* **ABOUT THIS TASK**
Where an entry contains a picture, omit the picture and repeat the rest exactly.

* **Stored dataset items**
====
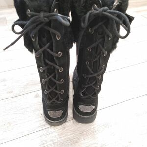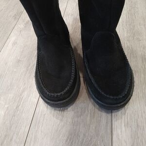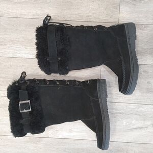 Warm and cozy suede boots with sheepskin and wool blend lining. Lace up back. Adjustable buckle on side. In excellent condition.
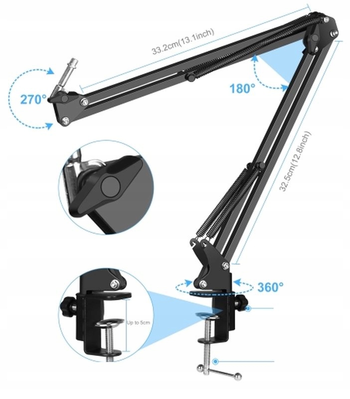Устойчивая конструкция и зажим в сборе позволяют подвешивать микрофон таким образом, чтобы не касаться микрофона во время работы. Комплект можно использовать для крепления большинства микрофонов диаметром до 3 см.
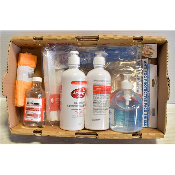 FLAT OF ASSORTED HAND SANITIZERS / FACESHIELDS
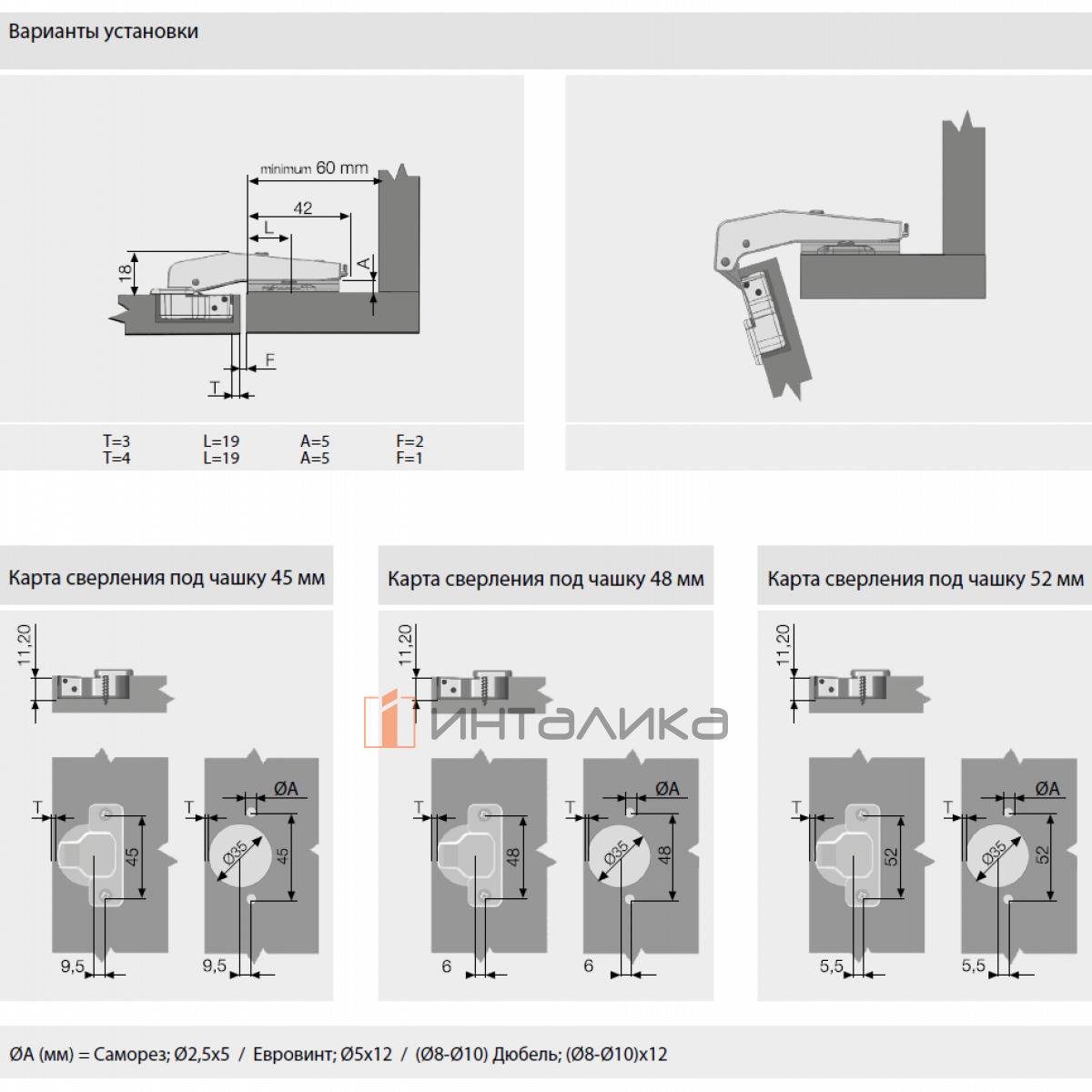 Чашка петли по глубине 11,2 мм, диаметр составляет 35 мм, крепится на саморезы Ø3,5x16 мм
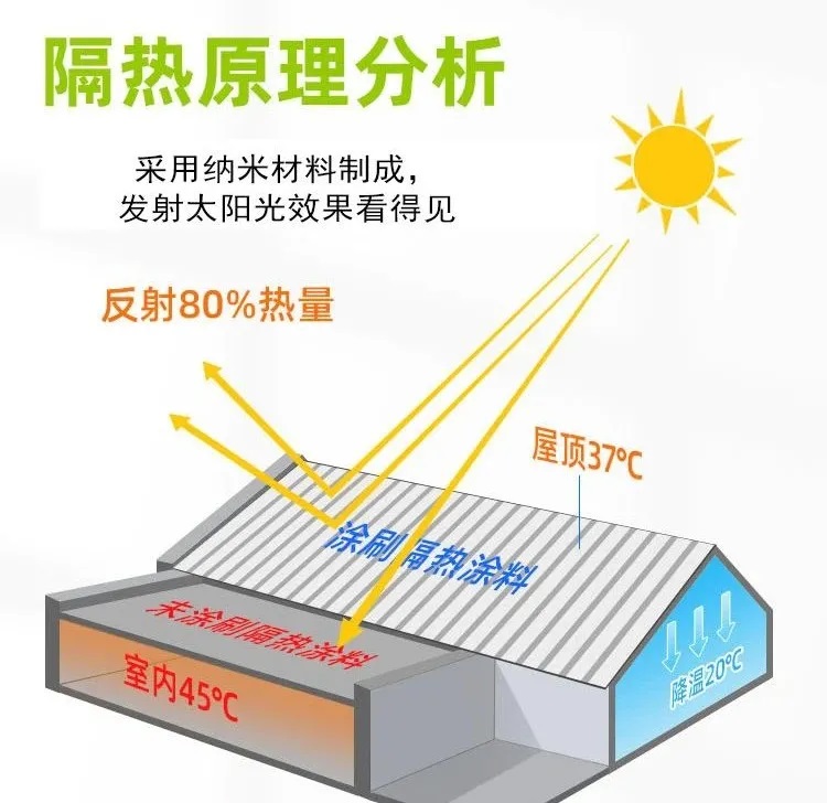 粵(yue)固(gu)防水隔(ge)熱涂料,是集反(fan)射(she)、阻隔功(gong)能(neng)為(wei)一體(ti)的(de)(de)新型涂(tu)料(liao)。涂(tu)料(liao)能(neng)對(dui)400~2500nm范圍的(de)(de)可見光與近紅外線進行高反(fan)射(she),有效阻止(zhi)太(tai)陽光的(de)(de)熱量累積(ji)。并且在涂(tu)料(liao)中(zhong)添加了導熱系數極(ji)低(di)的(de)(de)納(na)米材料(liao),阻隔熱能(neng)的(de)(de)傳遞。涂(tu)在建筑物外墻,夏(xia)季能(neng)顯著降(jiang)低(di)建筑物因太(tai)陽光照射(she)造成的(de)(de)溫(wen)度升(sheng)高,具有明顯的(de)(de)隔熱效果。
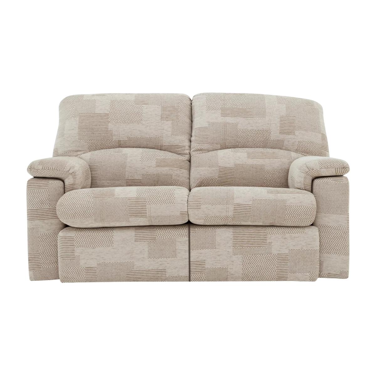 The G Plan Chloe 2 seater recliner sofa offers the perfect blend of compact size and ultimate relaxation, allowing you to lounge in comfort with adjustable reclining positions. It combines distinctive high-back design and bull-nose seat cushions for a stylish yet exceptionally comfortable seating experience. Its high-quality tailoring and generously padded arms contribute to a sense of well-being and relaxation. Available in a variety of beautiful fabrics and leathers, the Chloe can be tailored to suit your personal style. Shown here in Checkers Oyster and Checkers Putty fabrics and in Capri Chocolate leather. Features Distinctive high back and bull-nose seat cushions balance style with exceptional comfort. The high-quality tailoring and generously padded arms enhance feeling of wellbeing and relaxation. A shorter seat complements the back cushions to deliver a supportive upright sit. Recliner sofas are supplied in sections for ease of delivery. Recliner furniture is supplied on fixed feet only. Handcrafted in the UK with a 25 year timber frame & frame construction guarantee. Dimensions Height: 105cm Width: 163cm Depth: 100cm Seat Height: 56cm Seat Depth: 51cm Seat Width: 106cm Clearance needed for full recline: 70cm All measurements are approximate and relate to the overall size of the item including soft arm cushions where fitted and back cushions. All screens vary in colour reproduction and whilst every effort has been made to display the colour as accurately as possible it is for guidance only.
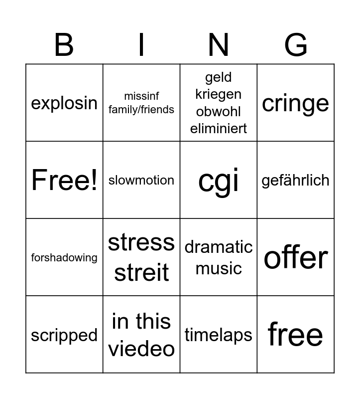 This bingo card has 16 words: in this viedeo, offer, geld kriegen obwohl eliminiert, explosin, forshadowing, missinf family/friends, dramatic music, timelaps, Free!, slowmotion, scripped, cringe, stress streit, gefährlich, cgi and free.
====
* **TASK RESULT**
 Warm and cozy suede boots with sheepskin and wool blend lining. Lace up back. Adjustable buckle on side. In excellent condition.
Устойчивая конструкция и зажим в сборе позволяют подвешивать микрофон таким образом, чтобы не касаться микрофона во время работы. Комплект можно использовать для крепления большинства микрофонов диаметром до 3 см.
 FLAT OF ASSORTED HAND SANITIZERS / FACESHIELDS
 Чашка петли по глубине 11,2 мм, диаметр составляет 35 мм, крепится на саморезы Ø3,5x16 мм
 粵(yue)固(gu)防水隔(ge)熱涂料,是集反(fan)射(she)、阻隔功(gong)能(neng)為(wei)一體(ti)的(de)(de)新型涂(tu)料(liao)。涂(tu)料(liao)能(neng)對(dui)400~2500nm范圍的(de)(de)可見光與近紅外線進行高反(fan)射(she),有效阻止(zhi)太(tai)陽光的(de)(de)熱量累積(ji)。并且在涂(tu)料(liao)中(zhong)添加了導熱系數極(ji)低(di)的(de)(de)納(na)米材料(liao),阻隔熱能(neng)的(de)(de)傳遞。涂(tu)在建筑物外墻,夏(xia)季能(neng)顯著降(jiang)低(di)建筑物因太(tai)陽光照射(she)造成的(de)(de)溫(wen)度升(sheng)高,具有明顯的(de)(de)隔熱效果。
 The G Plan Chloe 2 seater recliner sofa offers the perfect blend of compact size and ultimate relaxation, allowing you to lounge in comfort with adjustable reclining positions. It combines distinctive high-back design and bull-nose seat cushions for a stylish yet exceptionally comfortable seating experience. Its high-quality tailoring and generously padded arms contribute to a sense of well-being and relaxation. Available in a variety of beautiful fabrics and leathers, the Chloe can be tailored to suit your personal style. Shown here in Checkers Oyster and Checkers Putty fabrics and in Capri Chocolate leather. Features Distinctive high back and bull-nose seat cushions balance style with exceptional comfort. The high-quality tailoring and generously padded arms enhance feeling of wellbeing and relaxation. A shorter seat complements the back cushions to deliver a supportive upright sit. Recliner sofas are supplied in sections for ease of delivery. Recliner furniture is supplied on fixed feet only. Handcrafted in the UK with a 25 year timber frame & frame construction guarantee. Dimensions Height: 105cm Width: 163cm Depth: 100cm Seat Height: 56cm Seat Depth: 51cm Seat Width: 106cm Clearance needed for full recline: 70cm All measurements are approximate and relate to the overall size of the item including soft arm cushions where fitted and back cushions. All screens vary in colour reproduction and whilst every effort has been made to display the colour as accurately as possible it is for guidance only.
 This bingo card has 16 words: in this viedeo, offer, geld kriegen obwohl eliminiert, explosin, forshadowing, missinf family/friends, dramatic music, timelaps, Free!, slowmotion, scripped, cringe, stress streit, gefährlich, cgi and free.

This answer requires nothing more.